1. Create a model by calling the following function:
```
model = sliding_block ()
```
2. Run a 4 second simulation and store the results of the run in an appropriate container:
```
run = model.simulate (type="DYNAMICS", returnResults=True, end=4, dtout=.01)
```
Now that you have a run container with a series of requests, you can selectively plot some of the relevant channels, such as the magnitude of the friction force, the block velocity,and its displacement as a function of time.

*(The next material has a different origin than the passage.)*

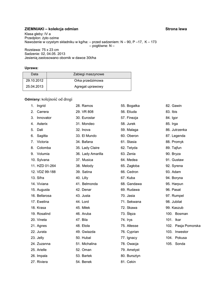 ZIEMNIAKI – kolekcja odmian Strona lewa Klasa gleby: IV a Przedplon: żyto ozime Nawożenie w czystym składniku w kg/ha: – przed sadzeniem: N – 90, P –17, K – 173 – pogłówne: N – Rozstawa: 75 x 23 cm Sadzenie: 02, 04.05. 2013 Jesienią zastosowano obornik w dawce 30t/ha Uprawa: Data Zabiegi maszynowe 29.10.2012 Orka przedzimowa 25.04.2013 Agregat uprawowy Odmiany: kolejność od drogi 1. Ingrid 28. Ramos 55. Bogatka 82. Gawin 2. Carrera 29. VR 808 56. Etiuda 83. Ibis 3. Innovator 30. Eurostar 57. Finezja 84. Igor 4. Asterix 31. Mondeo 58. Jurek 85. Irga 5. Dali 32. Inova 59. Malaga 86. Jutrzenka 6. Sagitta 33. El Mundo 60. Oberon 87. Legenda 7. Victoria 34. Bafana 61. Stasia 88. Promyk 8. Colomba 35. Lady Claire 62. Tetyda 89. Tajfun 9. Volumia 36. Lady Amarilla 63. Zenia 90. Bryza 10. Sylvana 37. Musica 64. Medea 91. Gustaw 11. HZD 01-264 38. Melody 65. Zagłoba 92. Syrena 12. VDZ 99-188 39. Satina 66. Cedron 93. Adam 13. Sifra 40. Lilly 67. Kuba 94. Boryna 14. Viviana 41. Belmonda 68. Gandawa 95. Harpun 15. Augusta 42. Denar 69. Rudawa 96. Pasat 16. Bellarosa 43. Justa 70. Jasia 97. Rumpel 17. Ewelina 44. Lord 71. Sekwana 98. Jubilat 18. Krasa 45. Miłek 72. Skawa 99. Kaszub 19. Rosalind 46. Aruba 73. Ślęza 100. Bosman 20. Vineta 47. Bila 74. Irys 101. Ikar 21. Agnes 48. Etola 75. Altesse 102. Pasja Pomorska 22. Jurata 49. Gwiazda 76. Cyprian 103. Inwestor 23. Jelly 50. Hubal 77. Ignacy 104. Pokusa 24. Zuzanna 51. Michalina 78. Owacja 105. Sonda 25. Arielle 52. Oman 79. Ametyst 26. Impala 53. Bartek 80. Bursztyn 27. Riviera 54. Benek 81. Cekin Zabiegi pielęgnacyjne: Data 24.10.2012 25.04.2013 14.05.2013 Nawożenie w kg/ha 17– (P) fosforan amonu 173 – (K) sól potasowa 45 – (N) mocznik 45 – (N) salmag Zwalczanie chwastów Sencor Liquid 600 SC – 0,5 l/ha Zwalczanie chorób Zwalczanie szkodników

Import a plotting package:

# this line causes the plots to be inlined on this web page
%matplotlib inline
import matplotlib.pyplot as plt

Then, extract some of the data to plot. At this point, you can create a plot object and display three separate curves.

The friction force.
The velocity of the block.
The block displacement.

def plot(model):# get the channels from the model...
  disp = run.getObject (model.r1)
  velo = run.getObject (model.r3)
  force = run.getObject (model.r2)
  
plt.subplot(3, 1, 1)
  plt.plot(force.times, force.getComponent (3))
  plt.title('Friction force')
  plt.ylabel('force [N]')
  
plt.subplot(3, 1, 2)
  plt.plot(velo.times, velo.getComponent (3),'r')
  plt.title('Block Velocity')
  plt.ylabel('velocity [m/s]')
  plt.subplot(3, 1, 3)
  plt.plot(disp.times, disp.getComponent (3),'g')
  plt.title('Block Displacement')
  plt.xlabel('time (s)')
  plt.ylabel('travel [m]')

  plt.grid(True)
  plt.tight_layout()

# Show the plot
  plt.show()

In [7]: plot(model)

To increase the friction static coefficient, set the LuGre $μ_{s t a t i c}$ to a different value and continue the simulation for an additional four seconds.
```
In [8]:  model.lugre.mus= 0.4
run = model.simulate (type="DYNAMICS", returnResults=True, duration=4, dtout=.01)

# replot the quantities and observe the changes to the Friction Force
plot(model)
```
Figure 4.

With the increased $μ_{s}$ , you can see that the forcing function cannot overcome the bristle resistance and the block is not able to move.